针对现有技术的不足,本发明的目的在于提供一种气相色谱法检测α-核糖甲磺酸酯中残留溶剂的方法,包括以下步骤:For the deficiencies in the prior art, the object of the present invention is to provide a method for gas chromatography detection of residual solvent in α-ribose mesylate, comprising the following steps:

1)仪器与色谱条件的选择:气相色谱仪;色谱柱为DB-WAX(30m×0.53mm×1.0μm)毛细管色谱柱;采用FID检测器,色谱柱初始温度为35-45℃,保持时间为8-12min,然后以8-12℃/min的升温速率升至80℃,再以35-45℃/min的升温速率升至色谱柱最终温度为250℃,色谱柱最终温度保持时间为2-5min;载气为氮气,所述载气流速为2.5-3.5ml/min,分流比为20:1;进样口温度为190-210℃,检测器温度为240-260℃;进样方式为顶空进样,平衡温度90℃,定量环温度100℃,传输线温度110℃,平衡时间30min;进样体积为1.0mL。1) Selection of instrument and chromatographic conditions: gas chromatograph; the chromatographic column is DB-WAX (30m×0.53mm×1.0μm) capillary column; using FID detector, the initial temperature of the chromatographic column is 35-45°C, the holding time is 8-12min, and then the temperature is raised to 80°C at a rate of 8-12°C/min, and then the final temperature of the column is raised to 250°C at a rate of 35-45°C/min. The time is 2-5min; the carrier gas is nitrogen, the carrier gas flow rate is 2.5-3.5ml/min, the split ratio is 20:1; the inlet temperature is 190-210°C, the detector temperature is 240-260°C; the sampling method is headspace injection, the equilibrium temperature is 90°C, the loop temperature is 100°C, the transfer line temperature is 110°C, and the equilibrium time is 30min; the injection volume is 1.0mL.

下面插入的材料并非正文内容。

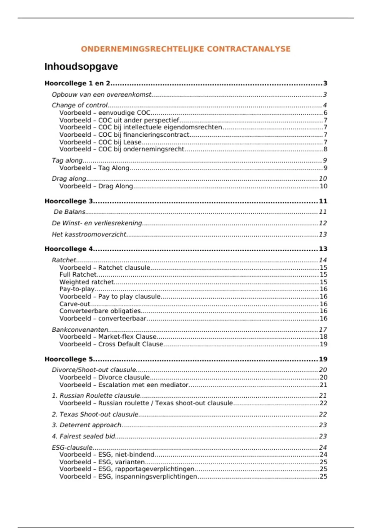 Voorbeeld – Ratchet clausule....................................................................................15
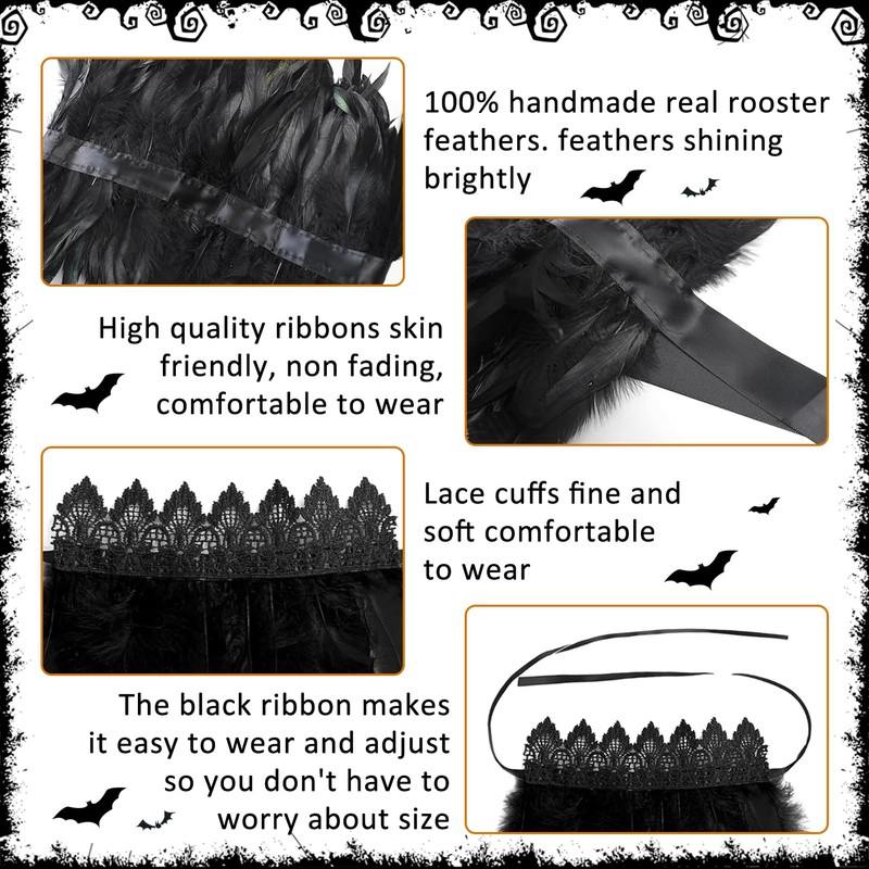 - High quality: this carnival spring collar black is made of high-quality feathers. The high-quality material, the comfortable wearing comfort and the feather collar give this feather cape costume an elegant touch that immediately catches the eye. A must-have accessory for women who like gothic clothing.

2)配制溶液,配制下列溶液:2) Prepare the solution and prepare the following solutions:

a.空白溶液(稀释剂):二甲基亚砜;a. blank solution (diluent): dimethyl sulfoxide;

b.对照品溶液:称取丙酮0.5g、二氯甲烷0.06g、四氢呋喃0.072g、乙酸乙酯0.5g、甲苯0.089g、乙醚0.5g、乙腈0.041g、二氟溴乙酸乙酯0.1g,置50ml量瓶中,用稀释剂稀释至刻度,摇匀,作为储备液;移取储备液2.0ml,置100ml量瓶中,用稀释剂稀释至刻度,摇匀,再精密量取5.0ml置20ml顶空瓶中,加盖密封。C.供试品溶液:取α-核糖甲磺酸酯0.2g,置20ml顶空瓶中,加5.0ml稀释剂溶解,加盖密封,摇匀,即得,平行配2份。b. Reference substance solution: Weigh 0.5g of acetone, 0.06g of dichloromethane, 0.072g of tetrahydrofuran, 0.5g of ethyl acetate, 0.089g of toluene, 0.5g of diethyl ether, 0.041g of acetonitrile, and 0.1g of ethyl difluorobromoacetate, put them in a 50ml measuring bottle, dilute to the mark with a diluent, shake well, and use it as a stock solution; pipette 2.0ml of the stock solution and put it in a 100ml measuring bottle , dilute to the mark with a diluent, shake well, then accurately measure 5.0ml, place it in a 20ml headspace bottle, and seal it with a cap. C. The test solution: take 0.2g of α-ribose mesylate, put it in a 20ml headspace bottle, add 5.0ml of diluent to dissolve, seal it with a cap, shake well, and prepare 2 parts in parallel.

按下述序列表进样:Inject samples according to the following sequence table:

名称name 进样针数Number of needles 空白溶液blank solution ≥1针≥1 needle 对照品溶液Reference solution 6针6 pins 供试品溶液Test solution 各进1针1 stitch each

α-核糖甲磺酸酯供试品溶液中各个溶剂按加外标法以峰面积计算。Each solvent in the α-ribose mesylate solution of the test product is calculated by the peak area by adding an external standard method.

优选地,本发明所述气相色谱分析选定的色谱条件如下:Preferably, the selected chromatographic conditions for gas chromatography analysis of the present invention are as follows:

采用FID检测器;Using FID detector;

色谱柱:DB-WAX(30m×0.53mm×1.0μm)毛细管色谱柱;Chromatographic column: DB-WAX (30m×0.53mm×1.0μm) capillary column;

程序升温:起始温度为40℃,维持10分钟,以每分钟10℃升温至80℃,再以每分钟40℃升温至250℃维持3分钟。Programmed temperature rise: the initial temperature is 40°C, maintained for 10 minutes, raised to 80°C at a rate of 10°C per minute, and then raised to 250°C at a rate of 40°C per minute and maintained for 3 minutes.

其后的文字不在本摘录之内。